A Selection of Big Ideas from Data Science – from GAISE II (2021).

### Formulate statistical investigative questions

- Formulate statistical investigative questions
- Students generate ideas and ask questions – creating and refining statistical investigation questions

### Collect/consider data

- Students learn what counts as data (eg visuals, sounds, numbers, categories) and understand that people collect data to answer questions
- Students develop strategies to collect and organize data of various types and from various sources
- Students design studies to answer statistical investigative questions

### Analyze data

- Students develop ways to represent and interrogate data to notice, describe and analyze patterns
- Students recognize variability and use technology to develop models that incorporate statistical measures

### Interpret and communicate

- Students decide key results to include in a data report that answers the statistical investigative question
- Students communicate their results through, for example, a data visual, a poster, a video, a data story
- Students explore and share explanations, paying careful attention to what conclusions the data supports. They consider which alternatives are reasonable given the variability in findings

## What are Data Science K-10 Big Ideas?

Data Science K-10 Big Ideas are descriptions of the most important content in data science through the grades to help focus attention on ways to increase data literacy. Big ideas are those that are central to the discipline of data science, and that link understandings into a coherent whole. (Read Overview)

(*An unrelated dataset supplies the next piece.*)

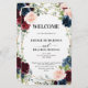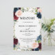 Elégante et moderne carte de programme de mariage géométrique aquarelle fleurie et romantique dispose d'une belle bordeaux / marsala, rose roux, pêche, roses bleu marine aquarelle avec feuillage assorti sur bleu marine bois arrière - plan et cadre or. Parfait pour un mariage d'automne/mi-été. S'il vous plaît trouver d'autres modèles et variantes de mon magasin "blissweddingpaperie". Et n'hésitez pas à me contacter pour plus de personnalisation ou de correspondance d'éléments
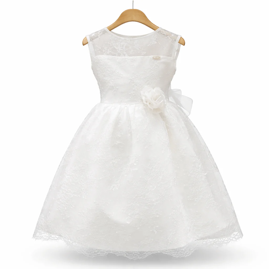 Abito cerimonia lavorato interamente in pizzo, con manica a giro e fiocco posteriore in organza.

### What are Data Science K-10 Big Ideas?

Data Science K-10 Big Ideas are descriptions of the most important content in data science through the grades to help focus attention on ways to increase data literacy. Big ideas are those that are central to the discipline of data science, and that link understandings into a coherent whole.

Our reason for putting this together is to help teachers see the data science process and how it connects ideas to the content they already teach. We envision teachers teaching content they normally teach and connecting to data science big ideas because our materials help them to see the connections.

## How do I use these materials?

Teaching to big ideas in data science means choosing tasks and data talks that give students’ experience inside the big ideas. When teaching to big ideas many different content areas are usually met, as the tasks offer rich learning experiences. (Read Overview)

### How do I use these materials?

Teaching to big ideas in data science means choosing tasks and data talks that give students’ experience inside the big ideas. When teaching to big ideas many different content areas are usually met, as the tasks offer rich learning experiences.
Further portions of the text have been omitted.